Green Cross International
- Type: Nonprofit organization
- Industry: Environmental organisation
- Founded: 1993
- Founder: Mikhail Gorbachev
- Headquarters: Geneva, Switzerland
- Key people: William Bridge, Chairman
- Website: www.gcint.org

= Green Cross International =

Environmental organisation

Green Cross International is an environmentalist organisation headquartered in Geneva, Switzerland, founded by former Soviet leader Mikhail Gorbachev in 1993. Today, member organisations are in 30 countries. Its primary mission is to "respond to the combined challenges of security, poverty, and environmental degradation to ensure a sustainable and secure future".

William Bridge serves both as Chairman of Green Cross International and CEO of Global Green USA.

==History==
In October 1987, five years before the first Earth Summit in Rio de Janeiro, Mikhail Gorbachev addressed a gathering in the Arctic city of Murmansk, and for the first time linked the concepts of environmental protection, nuclear disarmament, broader security concerns and development.

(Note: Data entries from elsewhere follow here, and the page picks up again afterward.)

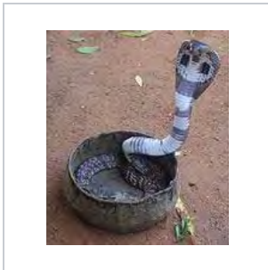
Naja naja , the spectacled cobra.
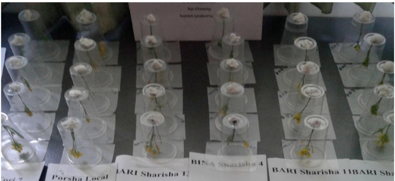
Plate 2. Feeding chamber of aphids with different mustard varieties at water stress condition
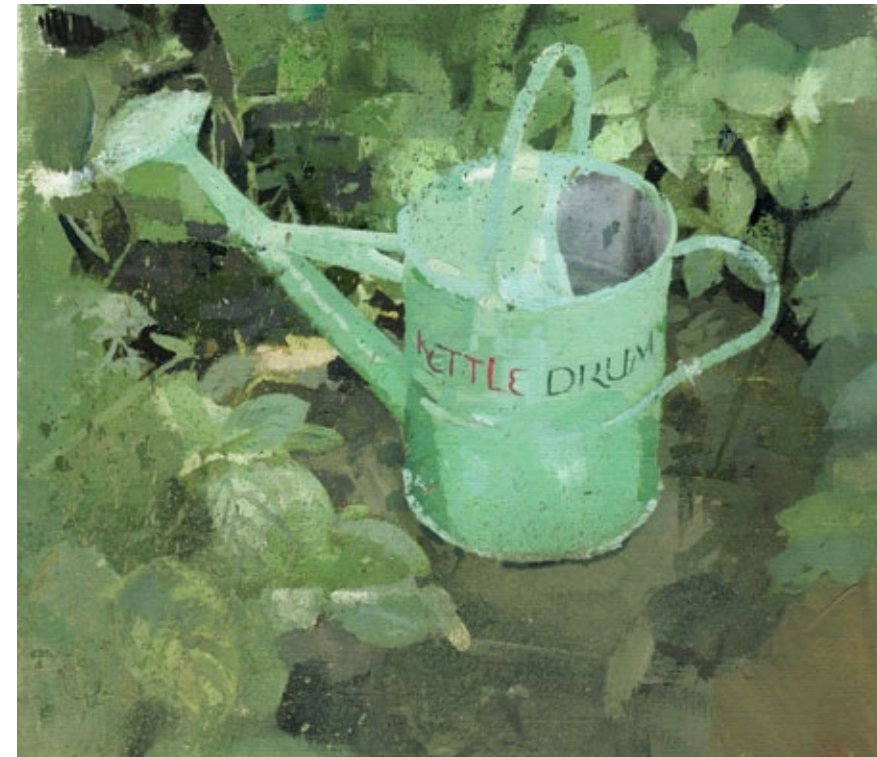
Kettle Drum, 2012, oil on paper, 15 x 15 cm

On 19 January 1990, in Moscow during an address to the Global Forum on Environment and Development for Survival, Mikhail Gorbachev suggested creating an "international Green Cross that offers its assistance to States in ecological trouble." In other words, the world needed a body that would apply the medical emergency response model of the International Committee of the Red Cross to ecological issues, and expedite solutions to environmental problems that transcend national borders.

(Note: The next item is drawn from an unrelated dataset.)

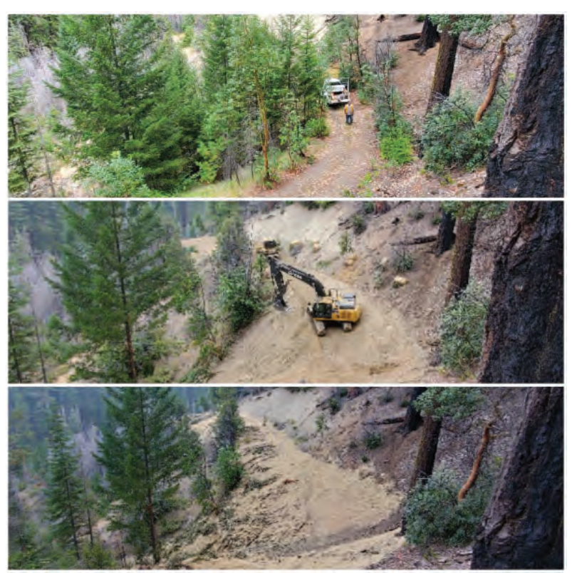
Before, during, and after shots of road decommissioning

On 6 June 1992, six months after leaving office, the Rio Earth Summit civil society delegates appealed to Mikhail Gorbachev to create and launch Green Cross International. At the same time, Swiss National Council parliamentarian Roland Wiederkehr, founded a "World Green Cross" with the same objective. The organizations merged in 1993 to form Green Cross International.

Green Cross International (GCI) was formally launched in Kyoto, Japan, on 18 April 1993. On the invitation of Mikhail Gorbachev, many renowned figures joined and continue to serve on its board of directors and Honorary Board.

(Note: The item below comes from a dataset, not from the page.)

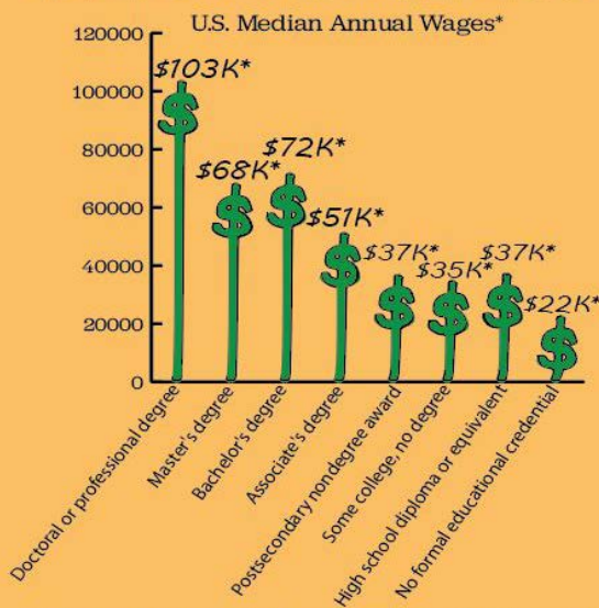
*U.S. Department of Labor Statistics, Occupational Employment Statistics program, 2016 *Median annual wages corresponding to typical entry-level education survey sample; dollar amount rounded to the nearest whole number

The first Green Cross National Organizations (GCNOs) formally joined GCI in The Hague, The Netherlands, in the Spring of 1994. These included Japan, The Netherlands, the Russian Federation, Switzerland, and the United States.

==Mission==
The initial concept envisaged an international body to provide assistance to countries in ecological trouble.

The organisation's stated mission is to:
- "Respond to the combined challenges of security, poverty, and environmental degradation to ensure a sustainable and secure future";
- "Promote legal, ethical and behavioural norms that ensure basic changes in the values, actions, and attitudes of government, the private sector, and civil society, necessary to develop a sustainable global community";
- "Contribute to the prevention and resolution of conflicts arising from environmental degradation"; and
- "Provide assistance to people affected by the environmental consequences of wars, conflicts and man-made calamities".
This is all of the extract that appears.